After finding that Article 2(2)(a) of Directive 2008/115 does not permit the Member States to exclude certain illegally staying third-country nationals from the directive’s scope on the ground of illegal entry across an internal border, the Court examined whether the reintroduction by a Member State of border control at its internal borders, pursuant to Article 25 of Regulation 2016/399, is such as to cause the situation of a third-country national who is staying illegally on the territory of that Member State and has been apprehended in the vicinity of that internal border to fall within Article 2(2)(a) of Directive 2008/115.

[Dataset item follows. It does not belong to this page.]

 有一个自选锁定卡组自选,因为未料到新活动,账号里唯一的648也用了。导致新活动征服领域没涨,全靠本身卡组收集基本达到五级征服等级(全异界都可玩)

In that regard, the Court noted, first, that as a derogation from the scope of Directive 2008/115, the exception in the abovementioned provision must be interpreted strictly. According to its own terms, which are unambiguous in this respect, that provision concerns the situation of a third-country national who finds himself or herself at the ‘external border’ of a Member State or in the immediate vicinity of one such border. There is thus no mention of the fact that that situation can be equated with the situation of a third-country national who finds himself or herself at an internal border at which border control has been reintroduced pursuant to Article 25 of Regulation 2016/399, or in the immediate vicinity of one such internal border, even though on the day on which the directive was adopted, Articles 23 and 28 of Regulation No 562/2006 (3) already provided (i) that the Member States could exceptionally reintroduce border control at their internal borders where there was a serious threat to their public policy and internal security and (ii) that in such a case the relevant provisions of that regulation relating to external borders were to apply mutatis mutandis.

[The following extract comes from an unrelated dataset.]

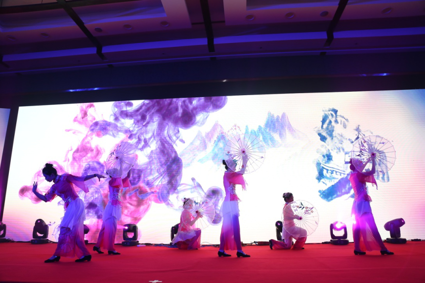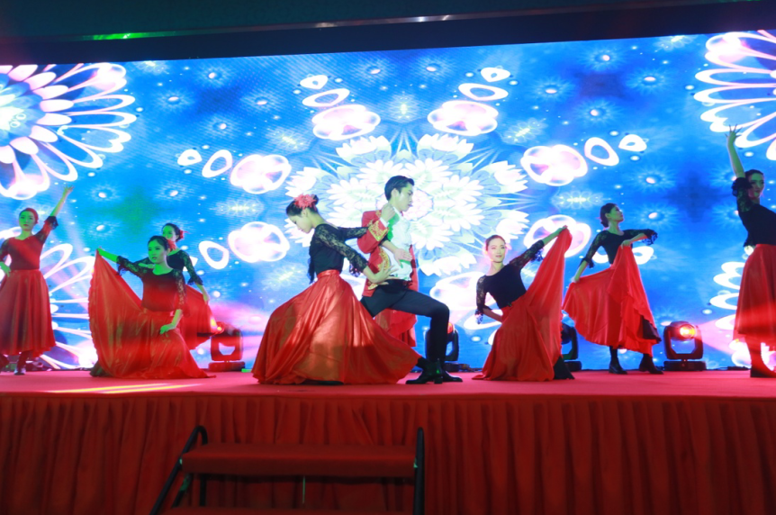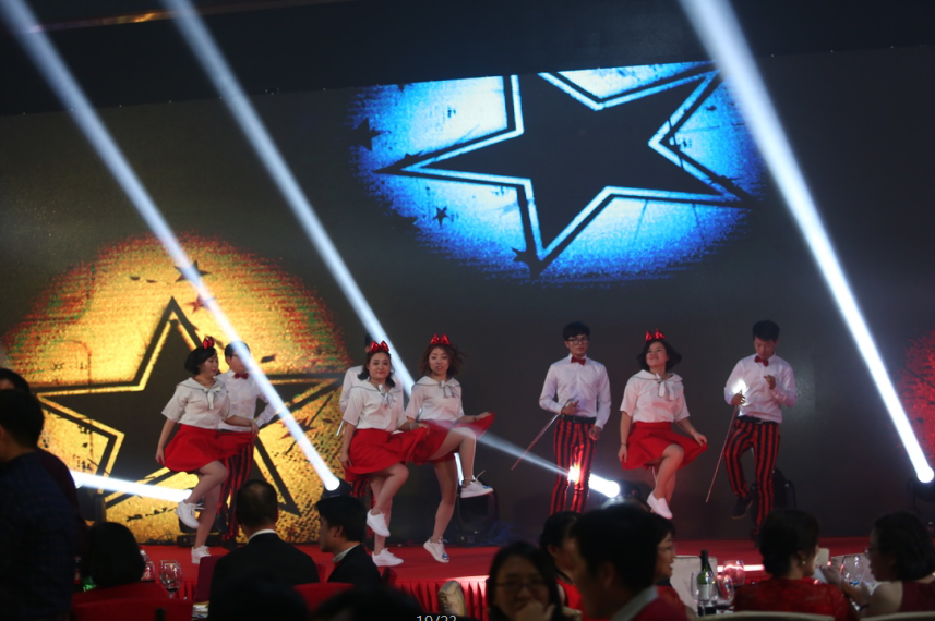 在中安科股份本部的一曲激烈昂揚(yáng)的《斗牛舞》中,晚宴拉開帷幕。8名女郎舞姿干凈利落、紅色裙裾翻飛,男伴氣宇宣揚(yáng),體現(xiàn)了西班牙斗牛士勇往直前的氣概;中安消投資公司的相聲《做啥都要?jiǎng)?chuàng)新》,一逗一捧相得益彰、笑料百出;衛(wèi)安集團(tuán)的《月亮代表我的心》吉他彈唱浪漫滿場;中科智能的創(chuàng)意朗誦《中科星愿》,在黑暗中用星星點(diǎn)點(diǎn)的光斑演繹了動(dòng)人的企業(yè)歷程;華和萬潤的《江南舞:煙花三月》舞姿曼妙婀娜,盡顯江南水鄉(xiāng)的詩意柔情;中安消技術(shù)的歌曲串燒《中安消大家庭》溫情而暖心;上海擎天由兩位才華洋溢的員工家屬小朋友帶來了歡快的尤克里里樂器演奏;常州明景的舞蹈《Darling》俏皮輕快、時(shí)尚動(dòng)感;主持人的《燕尾蝶》獨(dú)唱優(yōu)美動(dòng)聽、爆發(fā)力十足;最后登臺(tái)的《貓步輕俏》,舞者從臺(tái)上舞動(dòng)到臺(tái)下,嗨翻全場。晚會(huì)上還穿插進(jìn)行了豐富有趣的游戲互動(dòng),笑聲不斷、驚喜連連。

As regards, secondly, the objective pursued by Article 2(2)(a) of Directive 2008/115, the Court held that, in the light of that objective, there is no need to treat differently the situation of an illegally staying third-country national, apprehended in the immediate vicinity of an internal border, depending on whether or not border control has been reintroduced at that border, since the mere reintroduction of border control at the internal borders of a Member State does not mean that an illegally staying third-country national apprehended in connection with the crossing of that border, or in the immediate vicinity thereof, may be removed more swiftly or more easily from the territory of the Schengen area by being returned immediately to an external border than if he or she had been apprehended in connection with a police check for the purposes of Article 23(a) of Regulation 2016/399, in the same place, without border control having been reintroduced at those borders.

Thirdly, the Court stated that the need for the scope of Article 2(2)(a) of Directive 2008/115 to be interpreted restrictively is further supported by an analysis of the context of which that provision forms part and, specifically, a systematic reading of Regulation 2016/399. Under Article 2 of that regulation, the concepts of ‘internal borders’ and ‘external borders’ are mutually exclusive and Article 32 of that regulation merely provides that, where border control at internal borders is reintroduced by a Member State, only the relevant provisions of the regulation relating to external borders are to apply mutatis mutandis. However, Article 32 of the regulation does not provide that in such a case Article 2(2)(a) of Directive 2008/115 is to be applied.


1      Directive 2008/115/EC of the European Parliament and of the Council of 16 December 2008 on common standards and procedures in Member States for returning illegally staying third-country nationals (OJ 2008 L 348, p. 98).


2      Regulation (EU) 2016/399 of the European Parliament and of the Council of 9 March 2016 on a Union Code on the rules governing the movement of persons across borders (Schengen Borders Code) (OJ 2016 L 77, p. 1).


3      Regulation (EC) No 562/2006 of the European Parliament and of the Council of 15 March 2006 establishing a Community Code on the rules governing the movement of persons across borders (Schengen Borders Code) (OJ 2006 L 105, p. 1).